Care facilities are supposed to be a safe and comfortable environment for society’s most vulnerable loved ones. Regular movement and repositioning are essential components of care in residential facilities when residents are bedridden or are largely confined to a chair in which they cannot reposition themselves.

While it may seem like a minor detail, failing to turn and move someone who can’t do it themselves can have serious consequences. Failure to provide adequate repositioning can lead to a number of health issues, both physical and psychological, potentially amounting to a form of nursing home abuse.

The dangers of immobility

The human body is designed to move. When a bedridden resident isn’t repositioned frequently, several health problems can arise.

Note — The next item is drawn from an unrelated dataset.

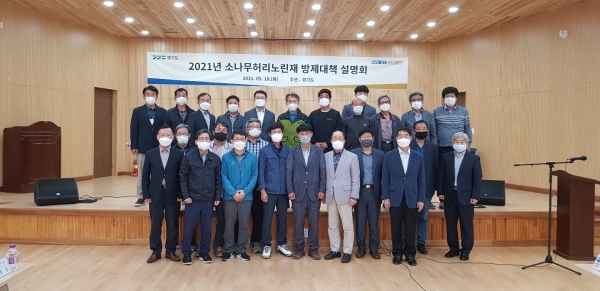 이날 설명회에서 경기도 산림환경연구소 권건형 연구사는 소나무허리노린재 방제계획 설명을 통해 해충 박멸에 대해 다양한 연구가 진행되고 있다고 밝혔다.

Pressure sores (bed sores) are the most common complication. Constant pressure on specific areas cuts off blood flow, leading to tissue breakdown and painful ulcers.

Moreover, muscles and joints that aren’t used can become stiff and shortened, limiting mobility further. This can make even basic tasks like getting dressed or eating difficult. Moving joints through their range of motion helps prevent stiffness and contractures.

Lack of movement can also lead to blood clots, which can be fatal if they travel to the lungs (pulmonary embolism) or brain (stroke). Movement encourages blood flow throughout the body, reducing the risk of blood clots.

Additionally, immobility can lead to fluid buildup in the lungs, potentially increasing the risk of pneumonia, a serious lung infection. Turning and positioning can help to clear fluids from the lungs, reducing the risk of pneumonia.

Advocating for your loved one

These complications not only cause pain and suffering for the resident, but they can also lead to longer nursing home stays and increased healthcare costs. Suppose you have a bedridden loved one in a nursing home. In that case, you should expect the caregivers to have a specific turning schedule for repositioning them based on their individual needs and doctor’s orders.

You should ask about the turning schedule to advocate for your loved one’s well-being. More importantly, look for signs of neglect; be aware of signs like pressure sores, skin breakdown or unexplained weight loss, which could indicate inadequate repositioning.

By understanding the importance of repositioning and advocating for your loved one, you can help to ensure that they receive the quality care they deserve. If you identify recurring instances of nursing home abuse; in that case, you can consider pursuing legal action to hold the care facility accountable.